So what improvements does the Fermentasuarus 3 have over the 2 and when does it come out?


----------



## wide eyed and legless

Truman42 said:


> So when you bulk prime in the fermenter how do you ensure you are getting the priming solution mixed in thoroughly?
> 
> So what improvements does the Fermentasuarus 3 have over the 2 and when does it come out?


If you are going to bottle best to use abottling bucket to prime or drink straight from the secondary if you have added pressure.
Not sure when the Fermentasaurus 3 will be released but from what I have been told there are a couple of extra features which are pretty damn good.


----------



## Mya

Fermentasaurus Gen 2 (Called Fermzilla 1 or 2?) is listed on Keg Land as "Due to be released to a wider audience in 2019" but you are already talking about a release of a Gen 3 (which is a fermentasaurus gen 3 not a fermzilla?) on KK before Gen 2 has even been released on Keg Land? God that's confusing and a horrible marketing practice?

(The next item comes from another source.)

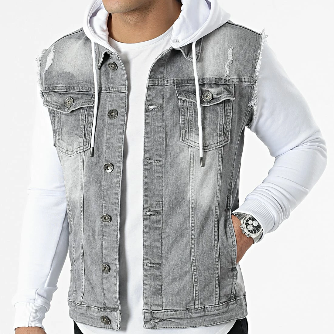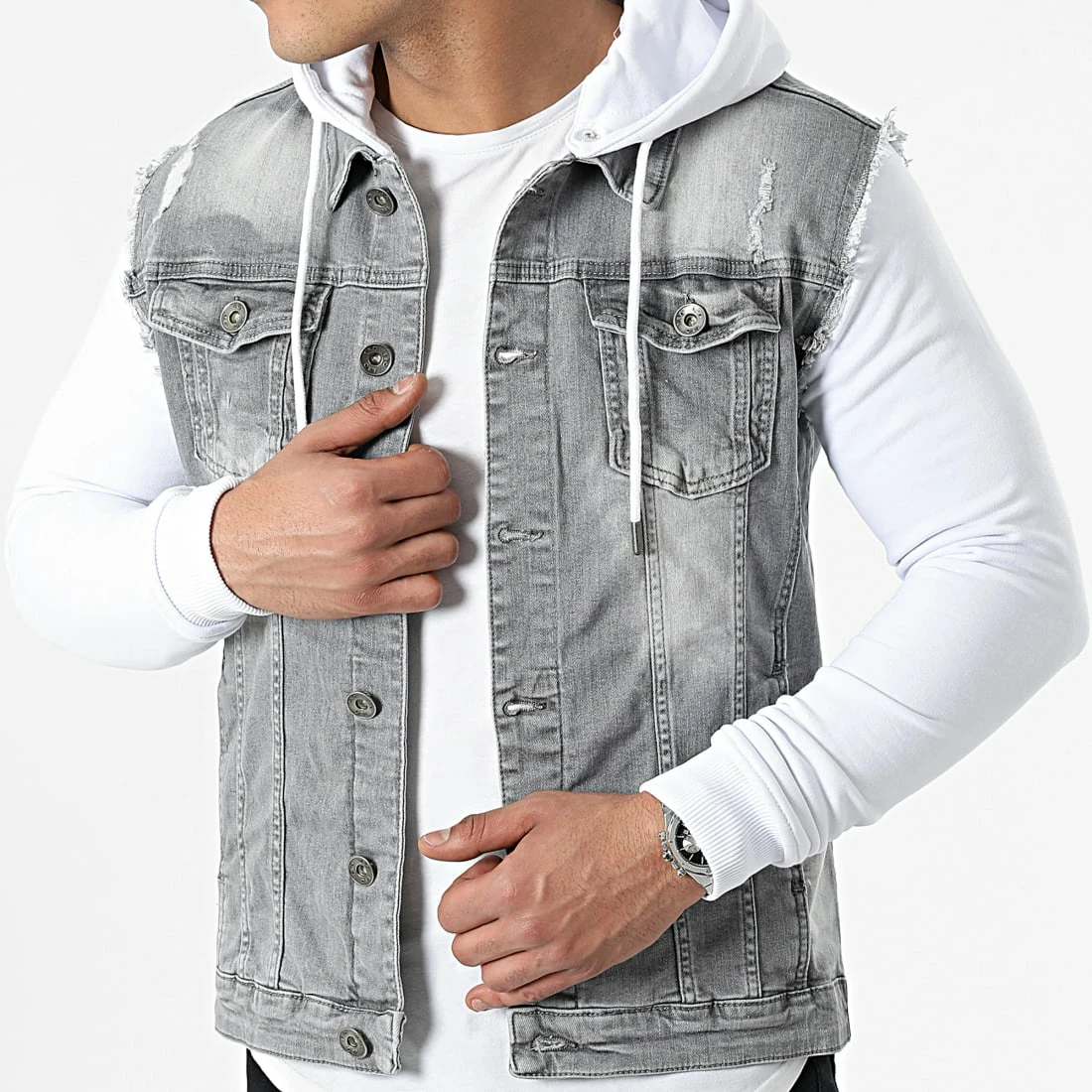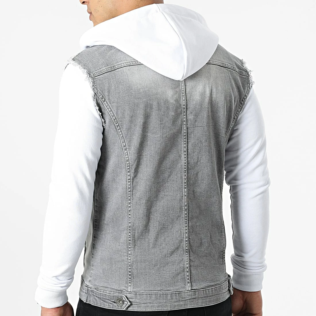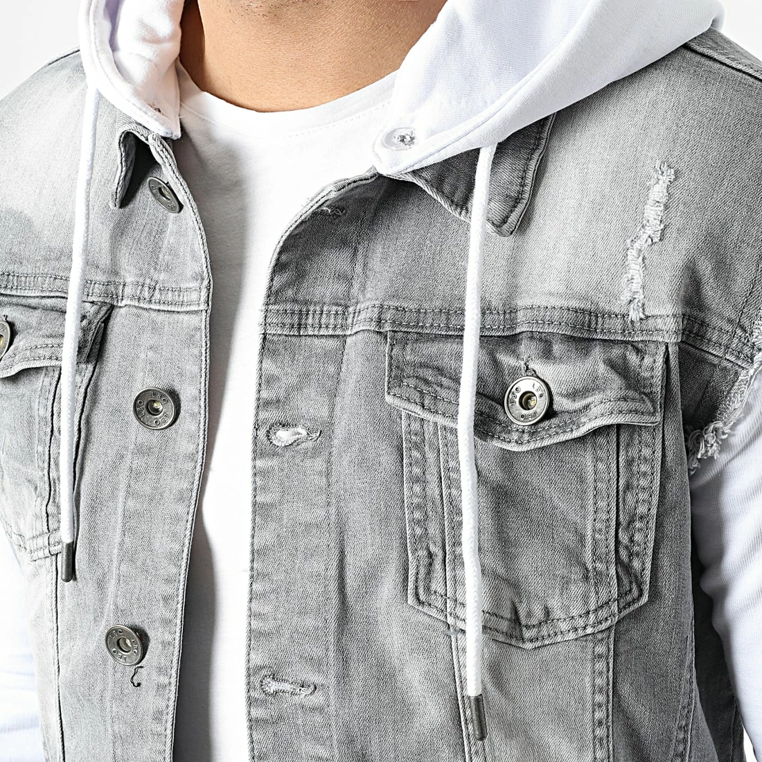 De gros 🎁 Veste Jean A Capuche 2261 Gris Denim Blanc de LBO 👍

Compounding the issue the listing on Keg Land is "Fermentasaurus Gen 2" but this is actually Fermzilla gen 1 or gen 2 while the one on Keg King is truly a Fermentasaurus gen 2?


----------



## Bruer

kaiserben said:


> I recently bought the snub nose (and bought a Kegmaster fridge at the same time). I was keen on closed transfers and also moving from bottling to kegging.
> 
> Because one of the selling points of the snub was to ferment, carbonate and serve all in the one vessel, my plan is to try serving directly out of primary. But mostly I'll be transferring each fermented batch into 2 kegs for conditioning (because I split my batches with a mate).
> 
> My first batch, a schwarzbier, went in at the weekend.
> 
> The snubby was extremely easy to move when filled with 23L. There was a lot of cold break in the cone (which there also would have been when using my old HDPE fermenters, but I wouldn't usually be able to see, and albeit with slightly less contact surface area in the snubby than in HDPE). After about 48-72 hours I could see a layer of yeast (way more than I'd pitched) had formed on top of the cold break stuff.
> 
> I did notice that when you put the spunding valve on the gas disconnect you can't actually fit it on to the lid's post due to the height not fitting under the roof of the Kegmaster series 4 firdge. So I guess I'll need to either buy a SS disconnect (which angles out at 90 degrees) or see if I can attach a bit of hosing between the disconnect and the spunding valve to make it fit. Anyway that was slightly annoying and you'd think they'd sell you something that actually works out of the box. But overall I'm very happy with it all.
> 
> I'm a bit clueless about fermenting under pressure. I'm not particularly interested pressure fermenting, moreso just the closed system and keeping oxygen away. I assume I'm meant to have the spunding valve attached during ferment? My initial plan is to just keep periodically releasing pressure (via the safety pin) until the ferment is complete, then pressure transfer half to a 9.5L keg for safe keeping, while briefly lagering the remainder before serving it off the yeast cake directly out of the snub.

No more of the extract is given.